**HOW TO COMPLETE THIS TASK**
Only the lines from the one containing "Cuerpo de grifería" to the end of the records belong in the answer; repeat them exactly and drop the pictures.

Data items
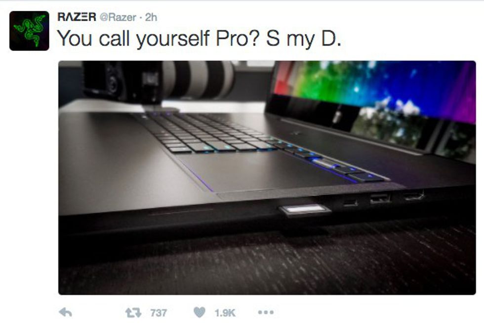 A recent affair that displays this was a conflict involving the popular laptop company Razer. After the announcement that the new iMac would not have an SD card slot, the popular company made a joke on Twitter, saying "You call yourself Pro? S my D."
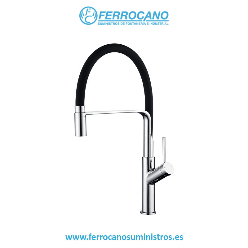 Cuerpo de grifería en latón cromado y caño flexible negro mate.
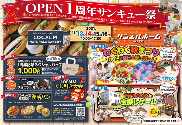 11月13(Sat).14(Sun).15(Mon).16(Tue) LOCALM×サンエルホーム加須店
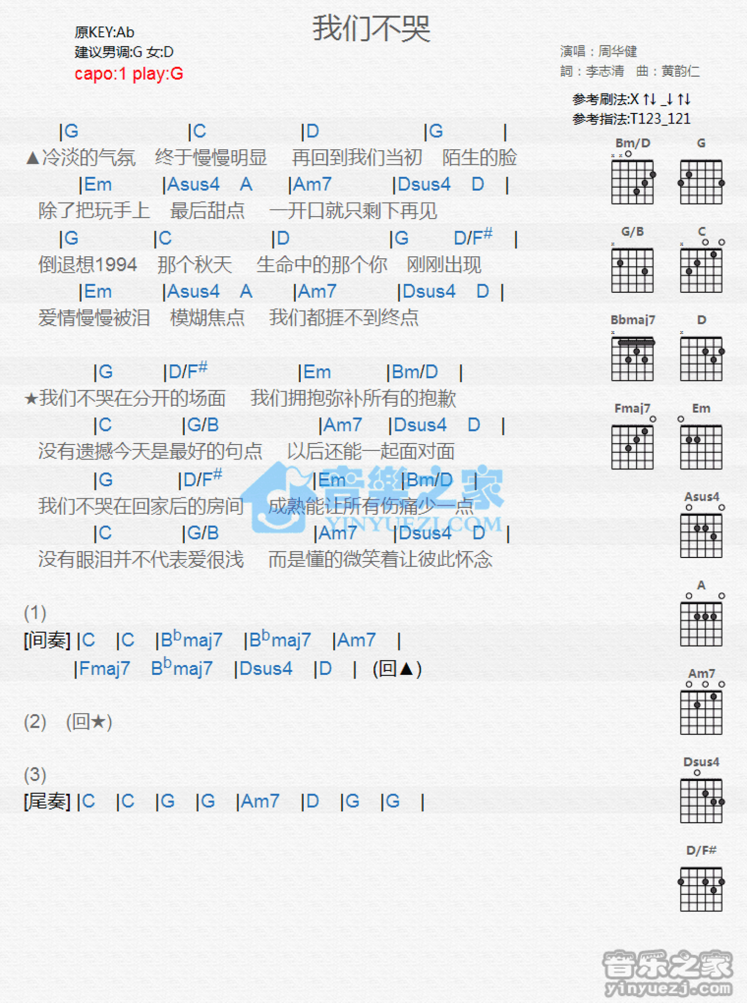 曲谱介绍: G调版周华健《我们不哭》吉他和弦弹唱谱
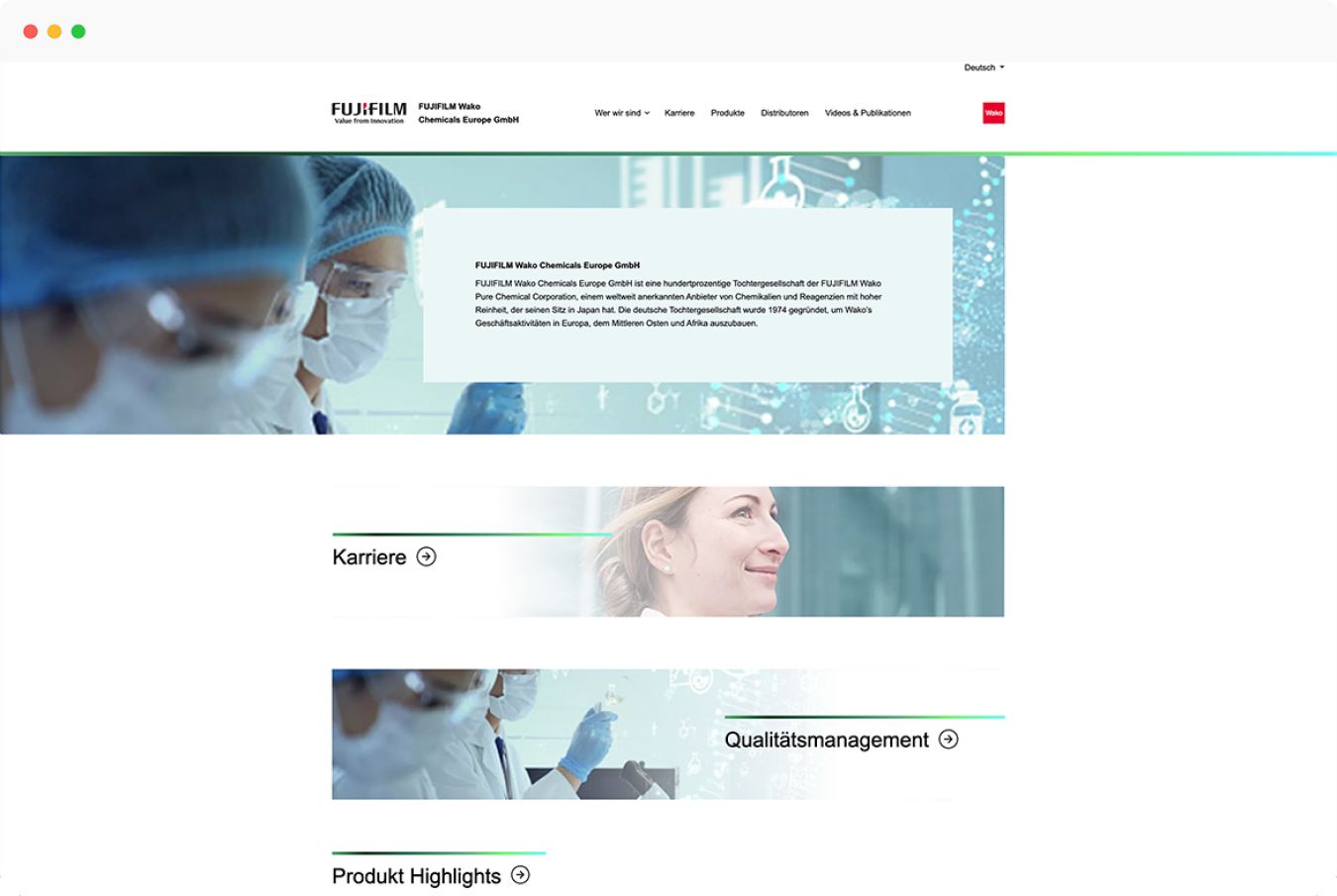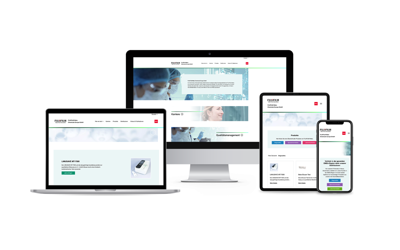 Der neue Internetauftritt wurde im Content Management System webEdition in Deutsch und Englisch realisiert. Die Redakteure und Redakteurinnen des Unternehmens können Inhalte der Website selbstständig aktualisieren. Design und Aufbau orientieren sich am CI von FUJIFILM.

**FINISHED TASK**
 Cuerpo de grifería en latón cromado y caño flexible negro mate.
 11月13(Sat).14(Sun).15(Mon).16(Tue) LOCALM×サンエルホーム加須店
 曲谱介绍: G调版周华健《我们不哭》吉他和弦弹唱谱
 Der neue Internetauftritt wurde im Content Management System webEdition in Deutsch und Englisch realisiert. Die Redakteure und Redakteurinnen des Unternehmens können Inhalte der Website selbstständig aktualisieren. Design und Aufbau orientieren sich am CI von FUJIFILM.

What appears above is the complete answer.